Pubdate: Tue, 06 Apr 2010
Source: Daily Bruin (UCLA, CA Edu)
Copyright: 2010, ASUCLA Student Media
Author: Cristina Chang


Daniel Panzer said he tried everything to fight off his insomnia.

But the sleeping pills prescribed to the first-year chemistry student 
by his doctor were not working. Only medical marijuana, he said, 
would relax him and help him sleep.

However, the residence halls have a strict policy against its usage, 
even though Panzer had the necessary paperwork to prove he needed 
marijuana. He said he would sometimes have to walk to a friend's 
apartment to smoke a joint and then walk back in order to fall asleep.

"I feel like a criminal sometimes for following the law," Panzer, 
co-president of UCLA's Students for Sensible Drug Policy, said. "It's 
frustrating because I'm not doing anything wrong."

Proponents of cannabis decriminalization on college campuses are 
hoping to use Alcohol Awareness Month, which began Thursday, to 
bolster their argument.

"The fact is 90 percent of America has used alcohol.  We're not 
adding another substance, we're providing an alternative," said Mason 
Tvert, executive director of Safer Alternative for Enjoyable 
Recreation. "These two (alcohol and marijuana) are the most popular 
recreational drugs in the world, and students, like any adult, should 
have the choice for a less-adverse drug when they recreate."

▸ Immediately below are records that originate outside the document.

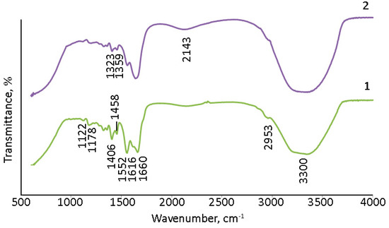 The materials were studied using an FTIR spectrometer, FSM 1202 (Infraspek, Moscow, Russia). Transmission spectra were obtained by accumulating 30 scans with a resolution of 4 cm−1. Powdered samples were pressed into tablets with KBr (98.5%, BLD Pharmatech Ltd. China, Shanghai, China) using a hydraulic press (OMEC, Brescia, Italy). A reference spectrum was registered from a pure KBr pellet. Polyacrylamide samples were pressed to a ZnSe crystal of the multi-reflection ATR accessory.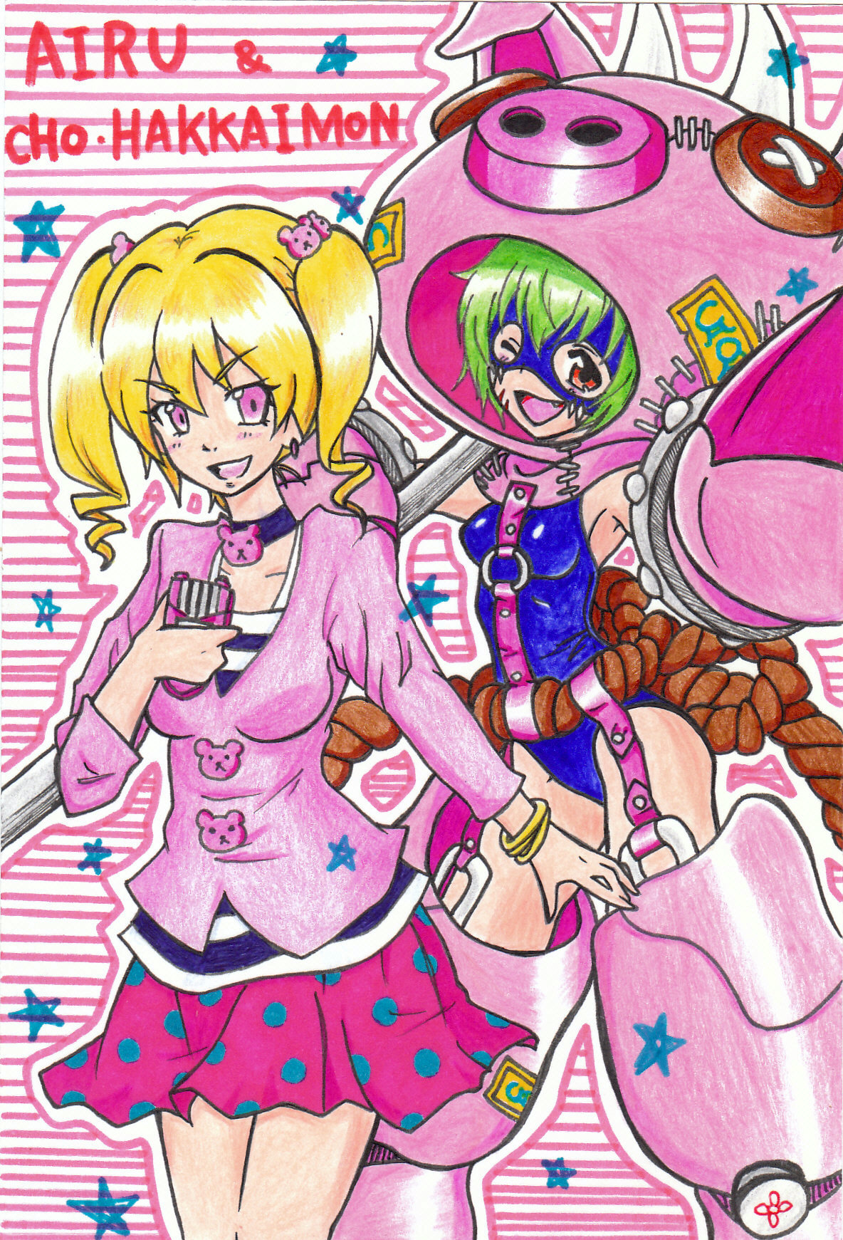 2girls cho-hakkaimon costume digimon digimon_xros_wars digimon_xros_wars:_toki_wo_kakeru_shounen_hunter-tachi highres multiple_girls one-piece_swimsuit pig skirt suzaki_airu swimsuit twintails
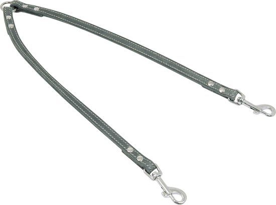 Handig en stijlvol 2 honden tegelijk uitlaten met deze dubbele Jack and Vanilla tussenlijn in de kleur Grijs met contrasterende stiksels. Deze dubbele tussenlijn is gefabriceerd uit soepel, zacht gevet leder van de topkwaliteit en is net afgewerkt. Deze tussenlijn is volledig gestikt en daarnaast geklonken voor extra duurzaamheid. De grote O-ring (aanlijnring) vergemakkelijkt het aan- en afkoppelen. Daarnaast is deze tussenlijn uitgevoerd met 2 stevige roterende karabijnhaken (sluitingen) in de kleur chroom. Deze tussenlijn met stijlvolle en tijdloze uitstraling is geschikt voor grote hondenrassen.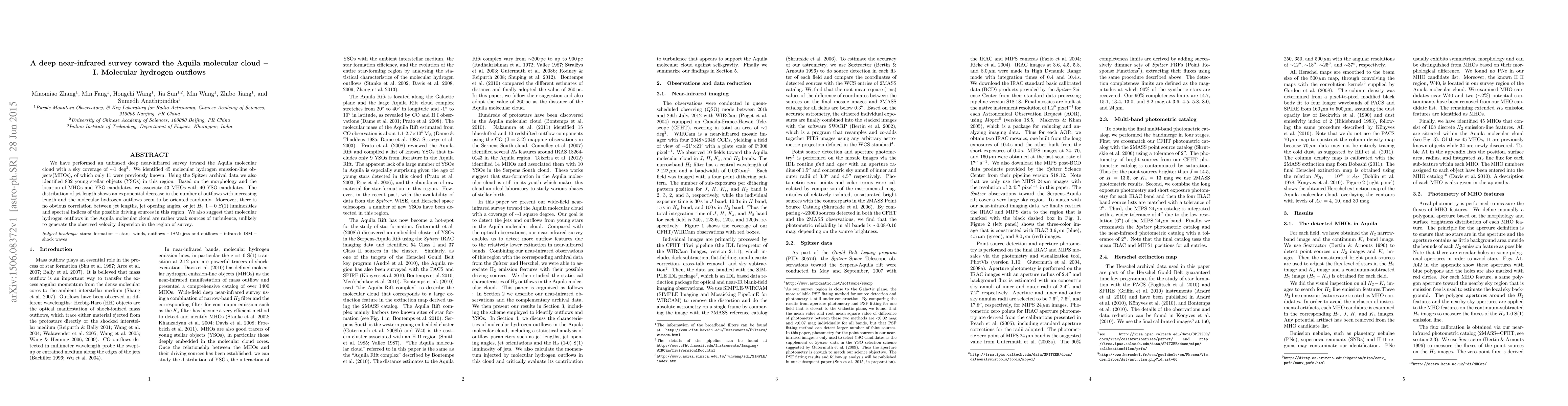 This study presents a deep near-infrared survey of the Aquila molecular cloud, identifying 45 molecular hydrogen emission-line objects and associating most with young stellar objects. The survey suggests weak molecular hydrogen outflows, which do not significantly contribute to the turbulence observed in the region.

The organization introduced the Emerald Initiative, which calls on 
campuses to allow the use of marijuana as a means to reduce excessive 
use of alcohol, he said.

This proposal is a response to the Amethyst Initiative, which is 
endorsed by more than 130 universities and calls for a debate to 
lower the drinking age to promote less-dangerous drinking.

The group has worked with students from 13 college campuses to pass 
the referendum, which would make marijuana penalties no higher than 
those for alcohol.  UCLA is not currently considering the measure.

"We recognize that (campuses) were punishing students more for 
marijuana than alcohol, sending a dangerous message that alcohol use 
is acceptable when it's more dangerous," he said.

Tvert said he believes the legalization of marijuana will lower the 
rate of excessive drinking on campuses.

However, Mark Kleiman, UCLA professor of public policy, said this is 
not the case.

"It would be a great argument, if it were true," he said, adding that 
such a scenario would present a good argument for cannabis legalization.

While he said it is possible to say drinking is bad, he said there is 
no reason to say that the decriminalization of marijuana would lower 
alcohol use.

Nevertheless, he did say alcohol usage is much more dangerous.

Tvert said there are 600,000 student assaults each year from alcohol 
and 17,000 related deaths each year, but for marijuana, the Centers 
for Disease Control and Prevention has not attributed any death or 
serious chronic illness.

Opponents, however, argue that marijuana use is dangerous and should 
not be legalized.

"Medical questions are best decided not by popular vote, but by 
science," said R. Gil Kerlikowske, director of the Office of National 
Drug Control Policy, in an online statement.

He said the U.S. Food and Drug Administration has stated that raw 
marijuana plants are not medicine and that legalized, regulated drugs 
cause damage to those who abuse them.

"(The issue) is especially meaningful in California, with the issue 
of legalization on the ballot," said Lorie Singer, co-president of 
Students for a Sensible Drug Policy, in reference to a November 
ballot proposition that would permit Californians 21 and older to 
possess up to an ounce of marijuana.

She added that since the campus policy on alcohol is less 
prohibitive, it provides a subtle encouragement to choose alcohol.

"When people move into the dorms, we get how to use alcohol safely to 
imply that there is a way to use it safely, but not marijuana," she said.

Panzer said that, while decriminalizing marijuana on college campuses 
may not necessarily decrease excessive drinking, it does give 
students an alternative.

"It's not like people will stop drinking; people still drink and 
smoke pot .. but if people go out and become intoxicated, they should 
have an option between something that is mild that can be smoked.